Another exciting year
by Craig Ross
From the December, 2018 issue
The day after the U-M men's basketball team played Villanova in November, two men overheard talking sports at Lucky's Market were asked if they were excited about the game. "Are you kidding me?" one asked. "Most surprising win of my lifetime."
"Wait a minute," the other said. "U-M won last night? That wasn't supposed to happen."
The team's extraordinary run last year generated extraordinary excitement. In some ways it started as a typical season under head coach John Beilein: they looked unsteady until the middle of the schedule and then caught fire. But this time, they really burned up the court: Michigan won fourteen consecutive games before losing the NCAA championship final to Villanova.
The Wolverines took their revenge in November, demolishing the Wildcats on their home court. It was their third win in as many games--and each time, there was a half where they held their opponents to no more than seventeen points.
To understand how remarkable this is, consider that in Beilein's first ten years at Michigan, his teams averaged a mediocre seventy-third in defensive efficiency, well below the Big Ten average. Last season, they were third in the country and first in the Big Ten.
Driven by elite defenders Zavier Simpson and Charles Matthews and assistant coach Luke Yaklich, who obsesses over defensive numbers, Michigan's defense powered their late-season run--which was predicated less on scoring, and more on keeping the other team from scoring. This season's early victories confirm that with Ignas Brazdeikis joining Matthews, Simpson, Isaiah Livers, and Jon Teske, Beilein will once again field one of the best defensive teams in the country.
The six-foot-seven Brazdeikis, from Lithuania by way of Toronto, is also poised to join Matthews as one of Michigan's two highest scorers. Which highlights Beilein's problem: the Wolverines were just so-so on offense last year--and all of that team's best shooters are gone.

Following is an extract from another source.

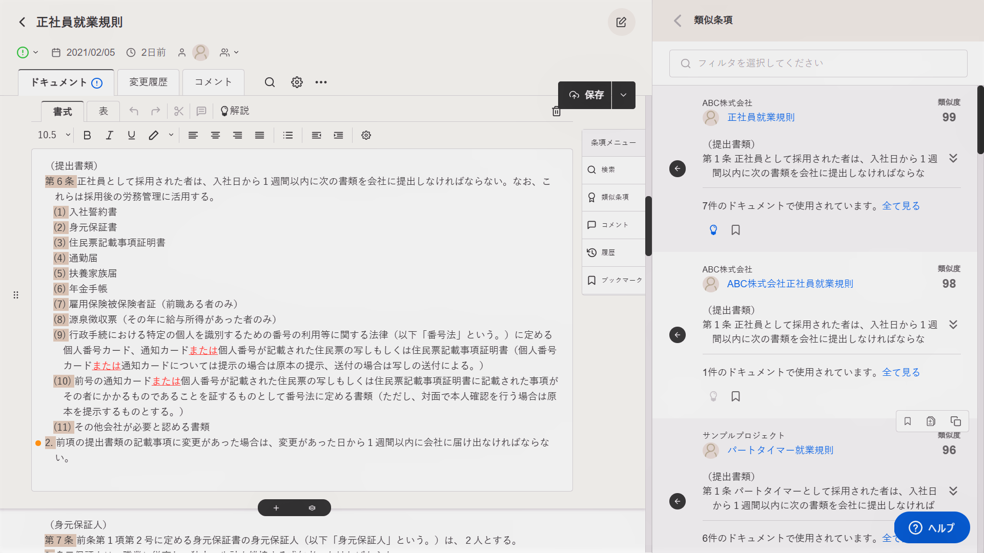 ・コメントや編集履歴が蓄積され、該当条項を再利用する際に参照できる

This year's team is young--nine of twelve on the roster are freshmen or sophomores--and in their early games, they had trouble putting the ball in the hole. But as Michigan proved last season, a strong defense can carry a team a long way. For opponents, playing the Wolverines is like playing sandpaper, and the shooting should come along.
Another final may be too much to ask for, but Michigan has a good shot at a third straight Big Ten Championship and a run in the NCAAs. It should be another exciting year.